• MATERIAL FOR THE TASK:
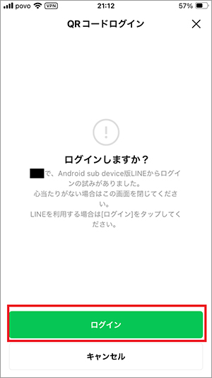 次のログイン方法を選択する画面に移り、QRコードかパスワードを選択しましょう。QRコードの場合にはメイン端末で友だち追加するときと同じ方法で読み取ります。
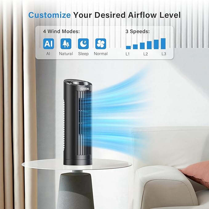 - 🧊【3 speeds & 4 modes Choose】: It comes with 3 adjustable speeds and 4 versatile modes to choose from, including AI, natural, sleep and normal modes, allowing you to customize the airflow to suit your preferences throughout the day.
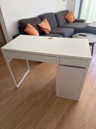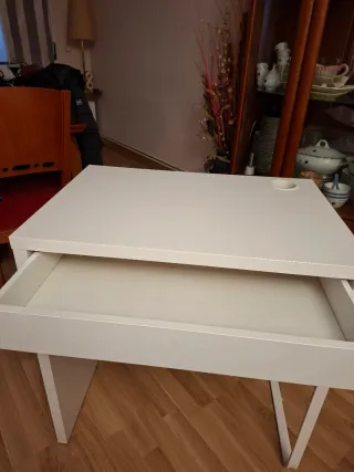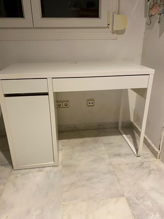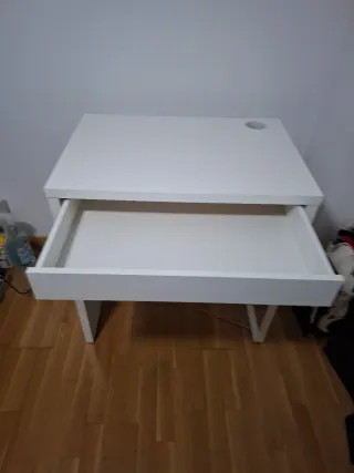 Escritorio MICKE de Ikea en color blanco. Sus dimensiones son 73x50 cm. - Diseño moderno y funcional. - Cajón integrado para almacenamiento. - Orificio para cables en la superficie. En buen estado. Tiene menos de un año. Se vende por mudanza. No envío, solo recogida. Gracias!
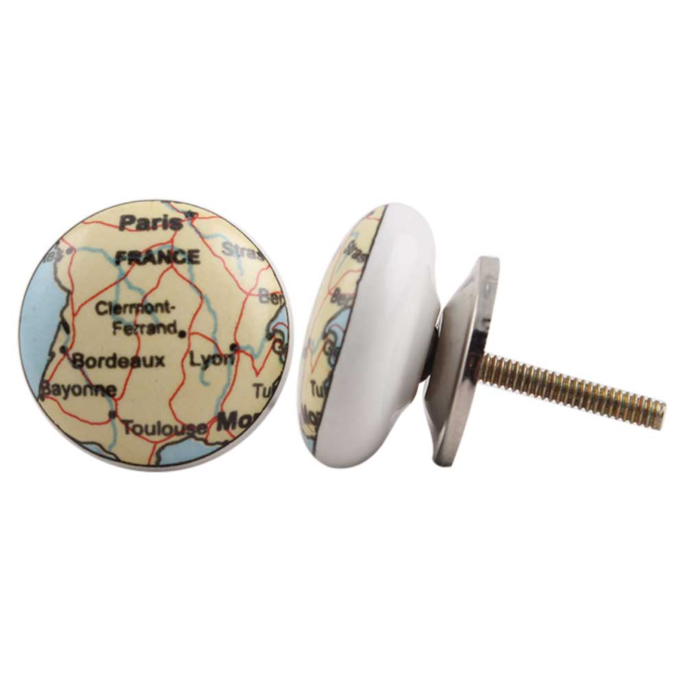 If you're looking to add a unique touch to your furniture, the France Map Flat Ceramic Drawer Knob is an excellent choice for upcycling old furniture or adding an unexpected pop to new pieces.
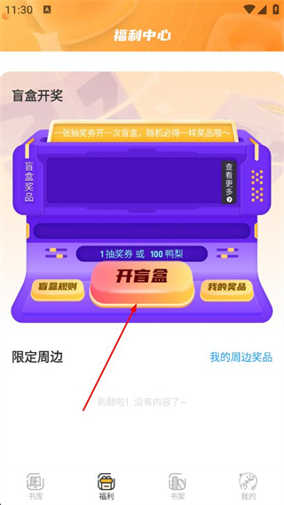 3、登錄后點擊福利選項,進入福利中心頁面,可參與盲盒開獎活動,點擊開盲盒按鈕抽取獎品。

• THE PROBLEM: Output all the records above again exactly, with the pictures dropped.

• EXERCISE SOLUTION:
 次のログイン方法を選択する画面に移り、QRコードかパスワードを選択しましょう。QRコードの場合にはメイン端末で友だち追加するときと同じ方法で読み取ります。
 - 🧊【3 speeds & 4 modes Choose】: It comes with 3 adjustable speeds and 4 versatile modes to choose from, including AI, natural, sleep and normal modes, allowing you to customize the airflow to suit your preferences throughout the day.
 Escritorio MICKE de Ikea en color blanco. Sus dimensiones son 73x50 cm. - Diseño moderno y funcional. - Cajón integrado para almacenamiento. - Orificio para cables en la superficie. En buen estado. Tiene menos de un año. Se vende por mudanza. No envío, solo recogida. Gracias!
 If you're looking to add a unique touch to your furniture, the France Map Flat Ceramic Drawer Knob is an excellent choice for upcycling old furniture or adding an unexpected pop to new pieces.
 3、登錄后點擊福利選項,進入福利中心頁面,可參與盲盒開獎活動,點擊開盲盒按鈕抽取獎品。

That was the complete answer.